[RSDDiagnosisCST]

Hi there,

This is the first time I have ever been on a forum. I am 34 years old, female and was diagnosed with RSD in May 2007. Interestingly enough, it was caught early by an orthopedic specialist at Georgetown University Hospital. He referred me to a anesthesiologist for further help. It should be noted that I was very physically fit, ex elite gymnast and distance runner in college.

The condition effected my right foot and ankle. After ruling out other things, as well as some diagnostic tests, the diagnosis was clear. My physicians started me on pain medications and it took several attempts to find a combination of medicines that worked. Lyrics was the absolute worse as far as side-effects and made me extremely tired and in a fog. For someone who is very fit, I found this to be almost as bad as the disease. The combination that ended up working for me was Celebrex once a day and 10mg of Percocet when needed. In addition, I was given 12 weeks (1x a week) of a lumbar nerve blocker. My leg and foot was confined to a walking cast which was only to be taken off at night. I wore this for 9 months.

Needless to say, my RSD went into remission. I have had relatively no issues since then. Recently I have recognized some symptoms and have become very concerned. Not to mention, I live in Atlanta now. I do not have any resources as far as physicians are concerned.

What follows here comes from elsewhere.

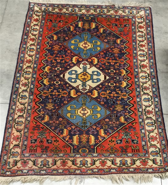 Disegno a tre medaglioni romboidali su fondo azzurro. (cm 192x143) (Lievi difetti)
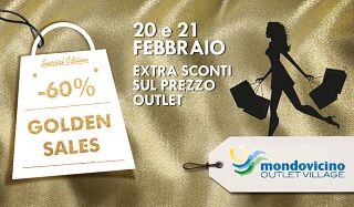 Risparmiare facendo shopping? A Mondovicino Outlet Village si può! Sabato 20 e domenica 21 febbraio 2016 la promozione Golden Sales offrirà infatti sconti del 60% sul prezzo outlet su tutto l’assortimento delle boutiques aderenti all’iniziativa, che si alterneranno durante le due giornate e offriranno a turno due ore di super convenienza.

I don't even have a primary care physician yet. I really need someone who will understand what worked for me the first go around. I have heard horror stories about people who were talked into surgery and other experimental treatment.

At this stage of the illness, I would prefer to not have anything too drastic or invasive. The injections in 2007 were bad enough. I am still very active (or until) recently), training for 10ks and sprint tri's. Of course my health comes first, but I am a huge believer of good diet and exercise. If I am not able to train, I am scared of becoming depressed and feel that my spirit will let the disease take over. Most importantly, I need a specialist who will understand the athlete component. That perhaps I cannot run at the moment, but that swimming could be an alternative...etc.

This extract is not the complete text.